Sou advogado tributarista, convivo com a matéria diariamente e gosto muito desse estudo, por tratar da eterna disputa entre a liberdade do indivíduo e o poder de imposição do grande Estado.
Mas isso nem sempre é visto desse modo. Na verdade, recentemente, uma discussão havida no CARF (Conselho Administrativo de Recursos Fiscais) agitou o noticiário, por parecer uma besteira sem tamanho.
Em 29 de agosto passado o órgão teve a oportunidade de discutir sobre a natureza material dos calçados Crocs. Sim, aquele que todo mundo gosta, mas nem todos têm coragem de usar.
O CARF teve que decidir sobre uma multa imposta à importadora, e isso passava pela discussão de se o Crocs é uma “sandália de borracha” ou um “sapato impermeável”. Qual a relevância disso? A tributação, evidentemente, pois a classificação em um ou outro segmento poderia sujeitar o produto a alíquotas diferentes ou a questões acessórias diferentes, como, por exemplo, a incidência ou não de direitos antidumping, tema central da discussão.
Quando se elabora a tabela de IPI, se faz inúmeras distinções entre produtos, a pretexto de criar uma seleção em razão da essencialidade, critério que a Constituição Federal dá à incidência do IPI, criando as mais diversas categorias.
Não raro ocorre caso igual ao do Crocs. O produto pode, pelas suas características, ser enquadrado em mais de uma categoria. A solução é, na maioria dos casos, realizar uma consulta à Receita Federal do Brasil, para evitar pagamentos indevidos ou recolhimentos a menor.
No caso, a empresa não fez isso, mas realizava a contabilização como sendo “sandálias de borracha”. Em certa ocasião em que importou seus produtos, porém, teve as mercadorias retidas, pois o fiscal aduaneiro entendeu que a classificação correta seria a de “sapatos impermeáveis”. Aliás, depois disso o próprio Ministério do Desenvolvimento, Indústria e Comércio Exterior, responsável pela questão dos direitos antidumping, emitiu um parecer dizendo que se tratava de “sapatos impermeáveis”.
Diante disso, a empresa passou a importar dizendo tratar-se de “sapatos impermeáveis”. E o que aconteceu?

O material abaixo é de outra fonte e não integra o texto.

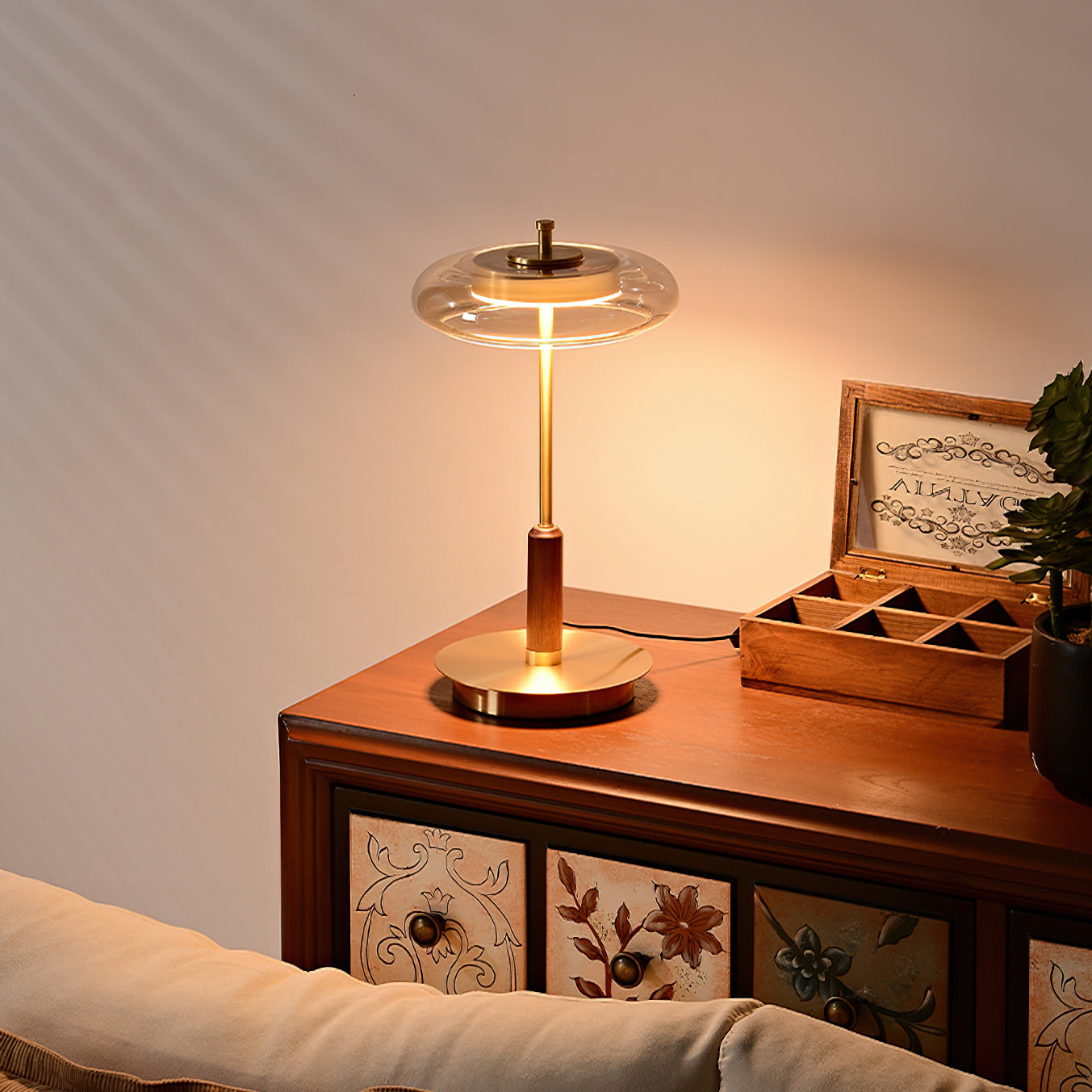 - Material: Brass, Wood, Glass.

Em outra importação outro fiscal autuou a empresa dizendo tratar-se de “sandálias de borracha”.
Penso que é essa a parte pouco séria de toda a questão, o quão indiferente é a fiscalização para lidar com questões sensíveis, com o dinheiro e o tempo do contribuinte, emitindo pareceres contraditórios e gerando grave insegurança jurídica. Isso é uma das principais causas do Custo Brasil, mas isso não é culpa do Direito Tributário.
Enfim, o CARF foi chamado a decidir sobre a questão da aplicação da multa e, no final, a afastou, livrando a empresa de ter que pagar pelo “erro” de classificação que “cometeu”. Mas isso, ainda assim, consome tempo e dinheiro da companhia importadora, despesas estas que são passadas aos consumidores.

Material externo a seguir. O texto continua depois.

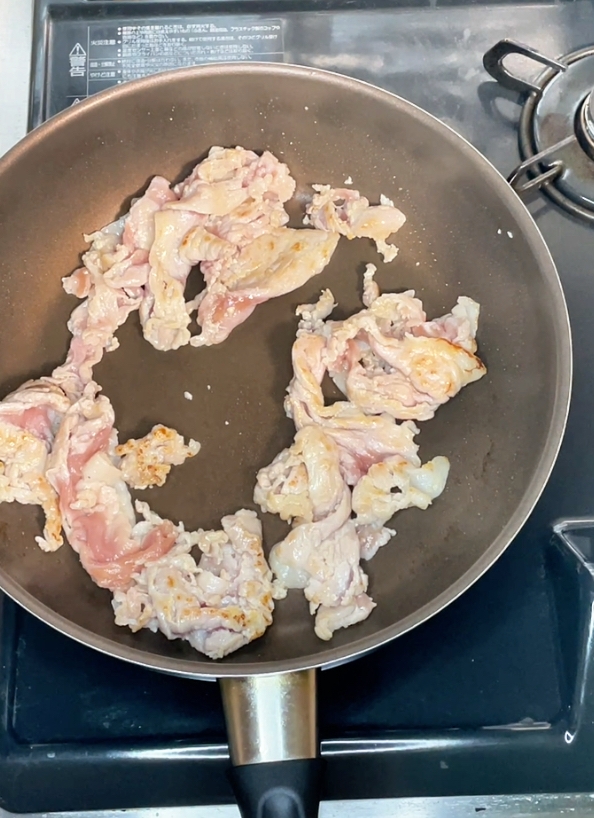 フライパンにごま油を熱し、豚こまを広げながら入れて、色が変わるまで炒める

Podemos pensar que é apenas no Brasil esse tipo de coisa, mas não é exclusividade nossa, mas inerente ao Direito Tributário.
A título de exemplo, em 2009, a Justiça Britânica teve que decidir se as batatas Pringles (aquelas da latinha) eram realmente batatas ou não. A intenção era justamente verificar a incidência do IVA (Imposto sobre o Valor Agregado), semelhante ao nosso IPI ou ICMS, que variaria caso Pringles fosse batata ou salgadinho, o que a empresa alegava ser.
Depois de muitas discussões e provas, o Tribunal definiu que, sim, Pringles é batata e ponto final.
Em meio a essa aparente loucura, mas loucura séria, a melhor notícia é que posso continuar a comer Pringles e dizer que é um produto natural, apenas batata, e não salgadinho. Salgadinho faz mal, batata está ok.